Our models were able to discriminate between ESCC cases and controls in about 77%, and between individuals with and without squamous dysplasia in about 70% of the cases. The model, however, had only a 6.8% positive predictive value for diagnosing dysplasia, due to the low prevalence of this lesion.
Our results were better than a previous study done in another high risk area in China
8. In that study, Wei et al. observed a sensitivity of 57% and a specificity of 54% for predicting squamous dysplasia, in spite of the fact that many components of the model were significantly associated with the risk of dysplasia. The area under the curve was 0.58 in their study without using any validation method; the area under the curve was already very low and using any validation would have decreased it even further
8. We found better sensitivity and specificity, and a higher area under the curve despite using cross validation (even the lower bound of the confidence interval in our study was higher than 0.58). The cross-validation method tests the model in individuals other than the ones used for model building, and thus gives a more realistic estimate of the discriminating power of the model.
Studies using questionnaire data and symptoms to predict esophageal adenocarcinoma have had similar results. Models using symptoms and individual characteristics for the diagnosis of Barrett’s esophagus, a precursor lesion of esophageal adenocarcinoma had an AUC of 0.72
10 and 0.76
9. One big difference is that Barrett’s esophagus is closely related to gastroesophageal reflux disease (GERD), and thus GERD symptoms can be used in the model, while dysplasia is rarely symptomatic.
In validation studies, a model may have a good ability to discriminate between cases and controls, but may not be able to correctly predict the probability of the event.
20 Calibration refers to the agreement between predicted probabilities and the observed proportions.
16 In our data, the base models (without weight loss) showed good calibration according to the Hosmer-Lemeshow statistic. Interestingly, although the ESCC model with weight loss had the highest area under the curve, it had a poor fit. This model has also little application, since weight loss develops during the symptomatic stage of ESCC when endoscopy is strongly indicated and risk screening is no more useful.
One of the limitations in our study was the small number of dysplastic cases, which has led to wider confidence intervals for the dysplasia model compared with ESCC models. On the other hand, although the ESCC model had more cases, the prediction of ESCC is not the main purpose of risk screening. The ESCC cases in this series have advanced symptomatic disease, and by the time ESCC has reached this stage, it is usually too late for any intervention.
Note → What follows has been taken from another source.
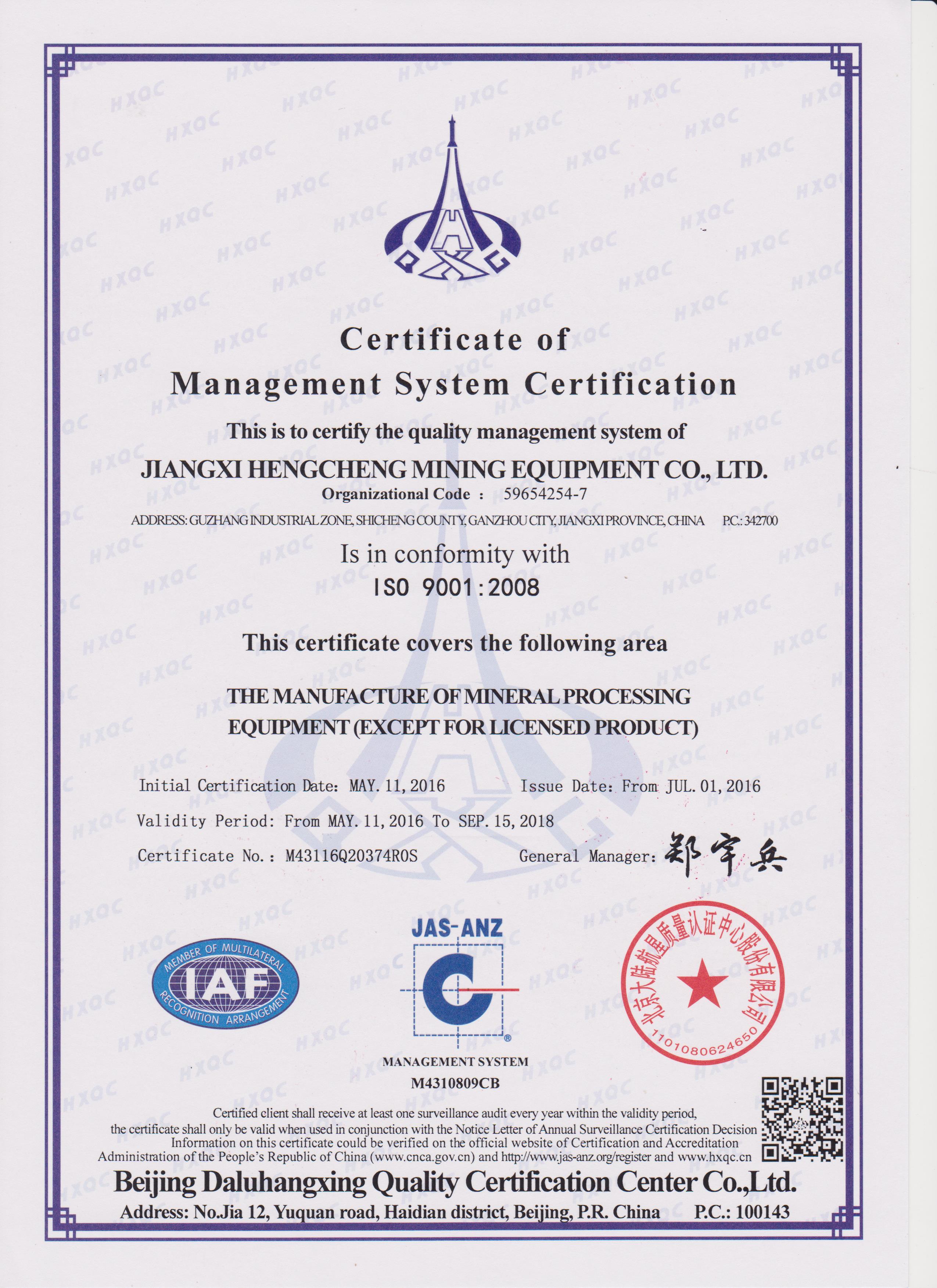 經過北京大陸航星質量認證中心股份有限公司BEIJING DALU HANGXING QUALITY CERTIFICATION CENTER CO.,LTD.的嚴格審核,公司榮獲國家認監委認可ISO9001:2008質量管理體系認證證書

Unlike high-risk areas in China, where about 30% of the general population have squamous dysplasia
8, in our sample this rate was only about 4%. Disease prevalence determines posttest probabilities in different populations
21, so even with the best estimates of accuracy, given this low prevalence, the predictive values will be so low that the use of a risk factor model for individual risk stratification is not advisable. With a 62% sensitivity and a 70% specificity, about 93% of positive cases will be false positives, and the positive predictive value (PPV) for dysplasia will be only around 7%. This implies that, on average, out of 100 endoscopies performed in high-risk individuals (according to the model), only 7 will have dysplasia, while this number is 4 in a randomly-selected sample of the general population. On the other hand, if the prevalence of dysplasia were similar to China, we would have a positive predictive value of 42.9%, which would make it more suitable as an initial selection step for endoscopic screening. The reasons for such a low prevalence of dysplasia, despite the high incidence of ESCC, remains to be determined and may range from differences in ESCC pathogenesis between the two populations (e.g. faster progression from dysplasia to ESCC), to technical differences in the screening methods used.
Lack of reproducibility is a general problem with many risk models.
10 Different populations may have different risk factors for the disease (e.g. the risk factors used in China were different from those used in Iran to build the prediction model). Also, the studies validating these models usually use internal validation (like the cross-validation used in our study), rather than true external validation (which needs testing the model on new data collected from another population)
22. Besides, many clinicians are reluctant to use statistical models for risk assessment and stratification
21. These models, however, may prove useful in research studies, where a researcher is interested in selecting a group at higher potential risk for developing the precursor lesion and ultimately cancer.
The latest cancer registry data from Golestan show a very high incidence of ESCC, especially in the population above 50 years of age
23. This high incidence, together with the poor prognosis of ESCC in this region, underlines the importance of finding alternative strategies for early detection. Sponge balloon cytology has recently been shown to be effective for detection of patients with Barrett’s esophagus
24. Similarly, a non-endoscopic esophageal sampling technique coupled to a biomarker is a potential alternative which can be tested against chromoendoscopy for early detection of squamous dysplasia and ESCC. The risk model can be used to increase pretest probability for such screening strategies, by selecting a particularly high risk group.